Во главе студии стоит менеджер, он не режиссер, но может сочетать в себе это, но, как правило, это продюсер. Через студии идет финансирование режиссеров, как почтенных, с именами, так и молодых, вновь пришедших.  Проекты отсматривают, выбирают,  чтобы поручить съемки уже продакшн-компаниям.

За министерством культуры,  где сохранился кинодепартамент, осталось финансирование дебютов, анимации, документального кино,  и таких авторских фильмов, которые явно будут экспериментальными. В фонде кино последние рассматриваются, как факультативные, и им там  расцвести будет сложнее.

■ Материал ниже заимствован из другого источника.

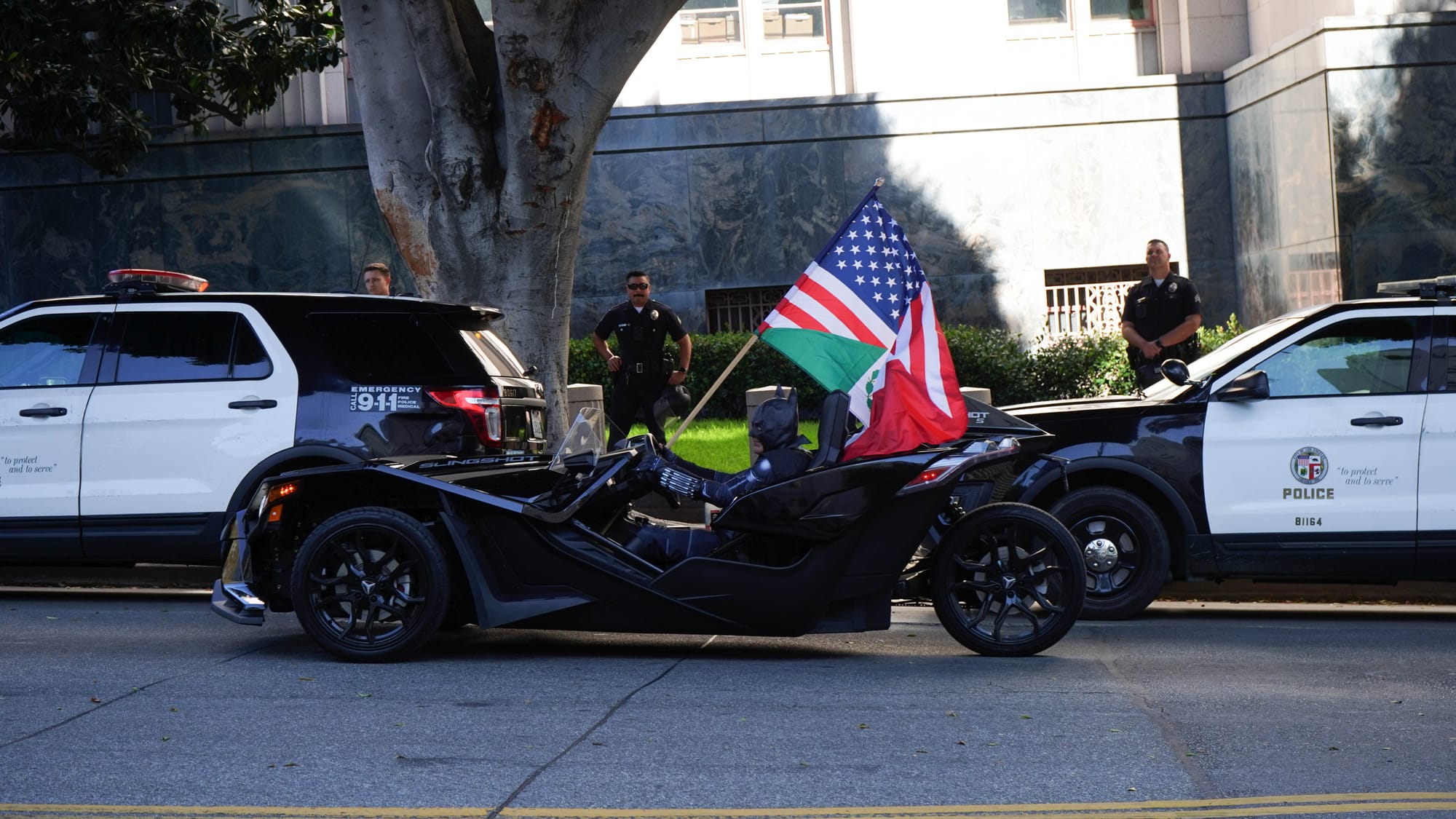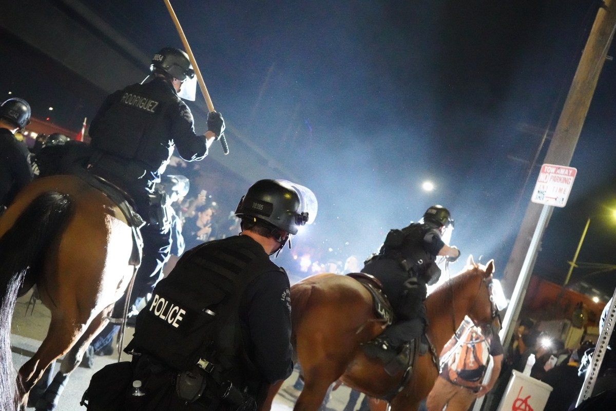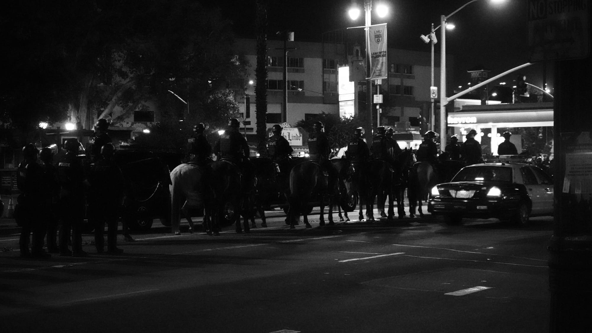 There were hundreds of LAPD for a group of maybe 30 protesters. Mounted police, riot cops in full kit, lines of Suburbans choked off Alameda for nearly a block behind the skirmish line.

Не все режиссеры хотят быть продюсерами. Например, Балабанов, который, как только захочет снимать фильм, так продюсер Сельянов находит ему такую возможность. Балабанову не надо стоять в очереди в Госкино, писать бумаги в фонды, он просто звонит своему испытанному Сергею Сельянову, и тот говорит ему: «Запускаемся». Как он проворачивает это  - его  дело.  Такие продюсеры, как мне кажется, и должны быть в нашей киноиндустрии.

- Но можно вспомнить и пример Алексея Учителя. На его фильм «Край» РЖД выделили 16 млн. долларов.

- Учитель сочетает в себе режиссерские навыки и продюсерские наклонности. Это не значит, что так должно быть, ведь в душе у многих режиссеров происходят конфликты, когда борются администратор и автор. Администратору надо сэкономить, а автору распушить: снять  исторический ландшафт, и массовку не со  ста, а тысячью человек,  хотя, как администратор, он понимает, что это будет дороже в тысячу раз. Я думаю, что именно такая маленькая война идет в душе Павла Лунгина, когда он выступает как продюсер и автор.

-  Одно дело – ваш пример  отношений Балабанова и продюсера Сельянова, и совсем другое, когда продюсер может сказать режиссеру: «Возьми вот эту актрису, она  нравится такому-то человеку».  Нет ли в этом опасности:  деньги влияют на творчество?

- Если проект абсолютно коммерческий, то продюсер предъявляет режиссеру набор медийных лиц, которые тот  должен снять. Если проект авторский,  режиссер говорит продюсеру: «Я хочу снять вот такой фильм, и в нем будут вот такие артисты. Если хочешь, берись, а не хочешь, то уйду к другому». А есть продюсеры, которые не вникают в  процесс, чему  я сам был неоднократно свидетелем. На фестивалях показывается и некоммерческое кино, поэтому видно, что вносит режиссер, а что продюсер. Я общался со многими продюсерами, и никакого давления на авторское кино не наблюдал.  В других случаях продюсер, не договорившись с режиссером, начинает снимать кино сам.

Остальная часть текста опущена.